Com a primeira vintena de minutos percorrida, estávamos perante um frente a frente em que as equipas jogavam mais para não perder do que para vencer, duelo fraquíssimo. Apesar da pouca qualidade da contenda os de Rúben Amorim eram mais intensos sobre o relvado, como sempre bem tratado.
Depois de 26’ tivemos a melhor e única ocasião de golo digna desse nome até então, centro do jovem Fábio Vieira que descobriu Luís Diaz, este atirou , já com Max batido e é Coates que tira sobre a linha fatal. Os da casa começavam a estar mais perigosos, com o menino Fábio a assumir um papel de destaque na linha média dos nortenhos.
Foi este o cenário ao cabo da primeira meia hora.
Após os 39’ a equipa de arbitragem cometeu o primeiro erro do desafio. Ficou na minha opinião por exibir uma cartolina vermelha ao irrequieto Jovane Cabral por derrube sobre Fábio Vieira. João Pinheiro e seus pares pouparam-no e apenas admoestaram “a joia da coroa leonina” com o amarelo.
Foram acrescentados dois minutos de compensação. Primeiro tempo morno, dividido em duas partes: os primeiros 25’ foram dos lisboetas, período em que se mostraram mais agressivos e com maior dinamismo. Por seu turno os azuis e brancos, daí até ao descanso, mandaram na partida dispondo da grande chance de golo do primeiro naco de clássico. O conjunto da invicta chegou ao final da etapa primeira com 51 % de posse de bola contra os 49 % dos presididos por Frederico Varandas.
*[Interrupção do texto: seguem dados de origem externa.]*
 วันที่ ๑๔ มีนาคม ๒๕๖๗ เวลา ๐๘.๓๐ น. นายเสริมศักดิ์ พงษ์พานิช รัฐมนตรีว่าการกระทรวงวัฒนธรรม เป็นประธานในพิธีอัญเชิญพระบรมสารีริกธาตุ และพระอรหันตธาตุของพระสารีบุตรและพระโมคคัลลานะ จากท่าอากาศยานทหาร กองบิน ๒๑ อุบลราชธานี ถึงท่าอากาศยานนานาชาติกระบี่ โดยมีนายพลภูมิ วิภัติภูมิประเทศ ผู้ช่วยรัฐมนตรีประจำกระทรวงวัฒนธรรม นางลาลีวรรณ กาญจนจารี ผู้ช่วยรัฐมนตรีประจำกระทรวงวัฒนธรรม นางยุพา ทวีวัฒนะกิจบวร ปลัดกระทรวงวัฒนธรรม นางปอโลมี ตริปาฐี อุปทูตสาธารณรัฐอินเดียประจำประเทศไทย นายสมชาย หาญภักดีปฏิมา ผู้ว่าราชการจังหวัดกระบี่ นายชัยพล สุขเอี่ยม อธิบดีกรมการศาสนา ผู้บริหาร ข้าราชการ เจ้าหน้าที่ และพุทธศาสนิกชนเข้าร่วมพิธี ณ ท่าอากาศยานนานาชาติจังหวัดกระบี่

Em tempo de intervalo e a manter-se este resultado os dragões festejavam o céptro de campeão nacional.
Com os primeiros 10’ da etapa complementar transcorridos, era tempo de Amorim mexer pela primeira vez. Saiu G. Plata (que esteve muito apagado) sendo rendido por Chico Geraldes (que não se consegue afirmar no plantel verde e branco).
Com 63’ íamos tendo um momento para mais tarde recordar. Fábio Vieira atira de primeira após dominar de peito, disparando de pé esquerdo, levando o esférico a embater na junção da trave com o poste da baliza de Max que desvia com os olhos. A melhor jogada do desafio até então.
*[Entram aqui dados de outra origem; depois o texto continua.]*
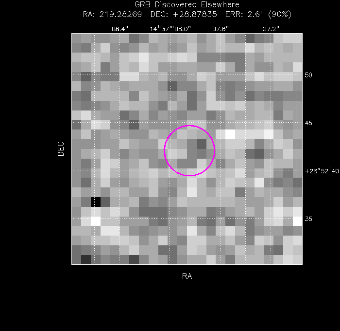 Related pages: Burst Analyser | Enhanced position | Light curve | Spectrum | Image | XRT Catalogue entry | Download obs data | BAT analysis | GCN Notices | GCN Circulars

Um minuto depois, sendo que na segunda parte só dava Porto, é com inteira justiça que os portuenses chegam ao tento da vantagem. Após canto batido por Alex Telles, o comendador Danilo Pereira surge, colocando fora do alcance do guarda redes dos de Lisboa. O médio Luso chega desta forma ao seu segundo na liga, os dois em alturas decisivas. De acrescentar que os mesmo acontecem consecutivamente, dado que também tinha aberto o placard no estádio João Cardoso em Tondela.
Com o tento de Danilo Pereira soltaram-se de imediato vários fogos de artifício nos céus da noite quente da invicta, nas imediações do estádio já se iniciavam os festejos.
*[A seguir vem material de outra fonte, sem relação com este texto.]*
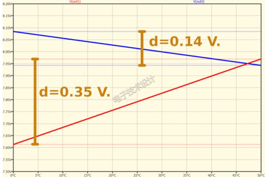 测量电压偏移随温度的变化 第二个电路大大提高了稳压器的性能,而使其几乎不受温度变化的影响。现在来检查一下两个电路上的热效应,并检查一下输出端的电压变化。图3显示了在上述条件下两个电路的静态工作情况。此仿真是在0℃到+50℃的温度范围内进行的。从两条曲线可以看出,两个稳压器的输出电压会随热量条件而发生变化。特别是,图中的测量数据显示了以下详细信息: 红色曲线表示在0℃到50℃之间的变化工作温度下负载为100Ω的第一个电路的输出。可以看到输出电压逐渐呈线性增加,在0℃时为7.61V,在50℃时为7.96V,最大总偏移量为0.35V。因此,第一个电路完全受温度的影响。 蓝色曲线表示在0℃至50℃的变化工作温度下负载为100Ω的第二个电路的输出。在0℃时,可以看到输出电压逐渐呈线性下降。在80℃时为8.08 V,在7.94V时为0.14V,最大总偏移量为0.14V。因此,第二个电路完全不受温度影响,受热量变化的影响要小得多。

Depois de 72 voltas ao ponteiro, era a hora da primeira substituição nos da casa: saindo o desgastado Fábio Vieira, dando lugar a Vítor Ferreira, formado nas escolas dos Dragões (mais conhecido no mundo do futebol por Vitinha).
A 17’ dos noventa regulamentares, saiu nos forasteiros Ristovski entrando Rafael Camacho. Alteração de pendor ofensivo.
Cumpridos 78’, dupla alteração nos da capital: abandonam Eduardo Quaresma e Jovane Cabral dando a vez a Tiago Tomás e Joelson Fernandes. Era o render da guarda de Amorim, começando a normal rotação empreendida por este desde que está à frente dos destinos dos de Alvalade.
Aos 84’ dupla substituição no xadrez do emblema caseiro: vão para o descanso Alex Telles e Luís Diaz rendidos por Diogo Leite e João Mário (mais dois atletas formados localmente).
Já em cima do minuto noventa os portistas sentenciam a partida e também o título 29 de campeão nacional. Grande abertura de Otávio que encontrou Marega. Este à saída de Max pica-lhe a bola que já tinha o destino traçado, o fundo das redes.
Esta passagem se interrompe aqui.